ORAL session, Sunday afternoon, March 21
Room 163W, GWCC

[BC32.12] Synchrotron X-ray Studies of Phase Transitions in Fatty Acid Monolayers as a Function of Subphase Metal Ion Electronegativity

J. Kmetko, A. Datta, A. Richter, C.-J. Yu, M.K. Durbin, P. Dutta (Northwestern University), J.M. Bai (Oak Ridge National Laboratory)

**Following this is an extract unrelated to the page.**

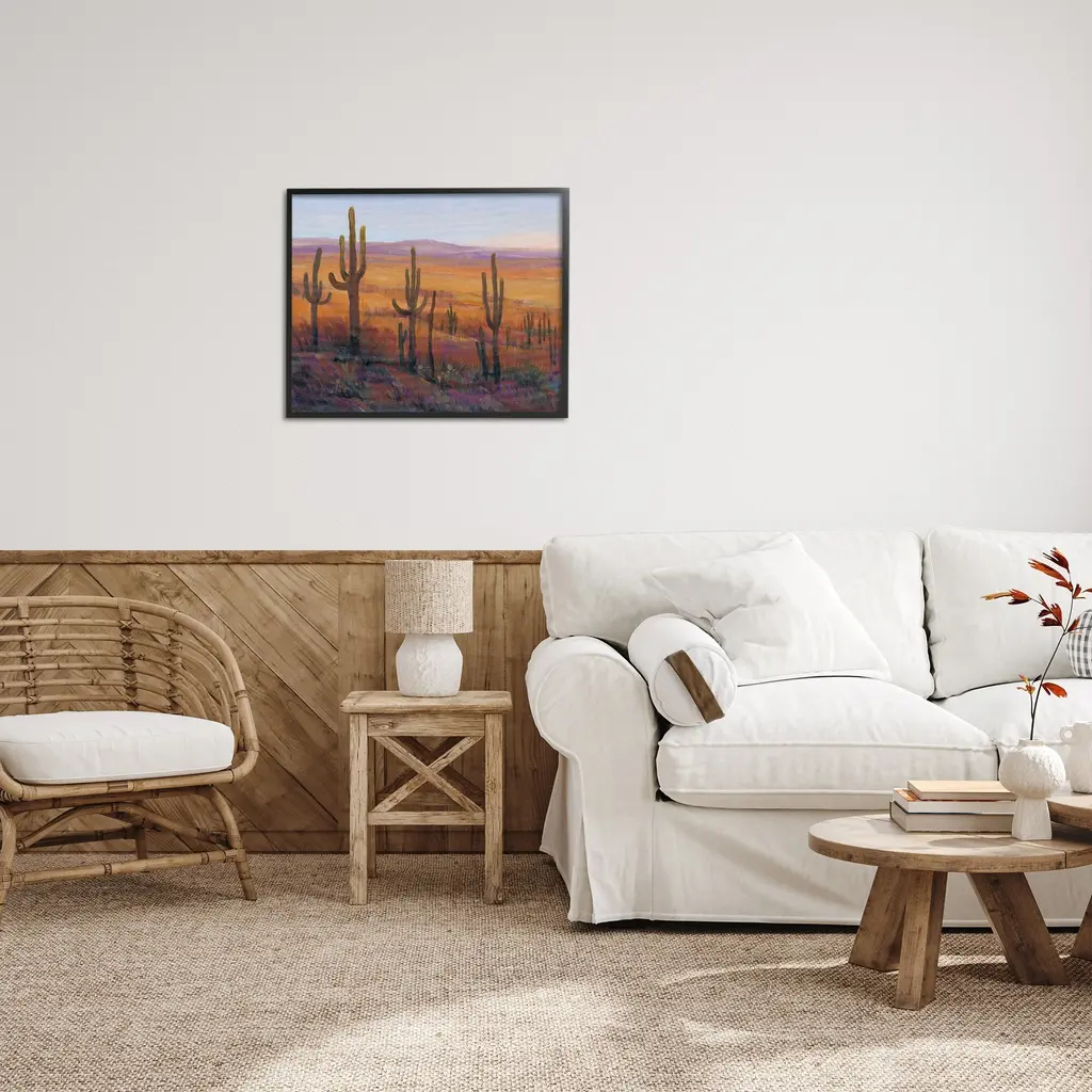 Add dimension to any room with our textured Framed Giclee Artwork. Our framed artwork is securely mounted into a 1.5-inch thick wood grain frame and ready to hang. Frames are available in three alluring styles: black, gray farmhouse and white. In addition, you should check out our oversized options if you want a statement piece. Stupell Wall Art is made in the USA.Features: Dimensions: 14 x 1.5 x 11 FramedFramed Giclee Products are available in the sizes 14"x11", 20"x16" or 30"x24". All Framed Giclee Products have a 1.5" Depth. Wall Art is Ready to Hang with Hardware Free Hanging. No installation required. For Easy Set Up Lean or Layer Artwork on Shelf or Against Wall.Our giclée prints are carefully mounted on a durable MDF backing, and then perfectly finished in a 1.5 inch thick woodgrain frame. Mounted frame colors include black, gray farmhouse and white. Made In USA.Artwork Relates To: Nature, Scenery, Landscape, Cactus, Plant, Field, Grassland, Desert, Painting, Wilderness, Canyon, Arid VegetationDesign by Tim Otoole

Using grazing incidence synchrotron x-ray diffraction (GID) we have studied the influence of the divalent cations cadmium, lead, barium, and zinc in the subphase on the structure and phase transitions of Langmuir monolayers of heneicosanoic acid. Levieller et al.(Langmuir 10, 819 (1994)) were the first to observe a superlattice of cadmium ions under the acid monolayer and we observed a similar highly ordered structure of lead ions. A clear indication of a similar counterionic lattice is not obtained with barium and zinc even at high pH values. The formation of the counterionic superlattice survives only above a particular pH threshold value and under a particular temperature and is accompanied by the appearance of the "characteristic triplet" of peaks from the acid monolayer. The calculated area per molecule depends on the type of the coordinated ion and increases with higher Pauling electronegativity in consonance with results that Schwartz et al.(J. Am. Chem. Soc. 115, 7374 (1993)) found for LB films of these molecular complexes. [Supported by DOE grant no. DE-FG02-84ER45125.]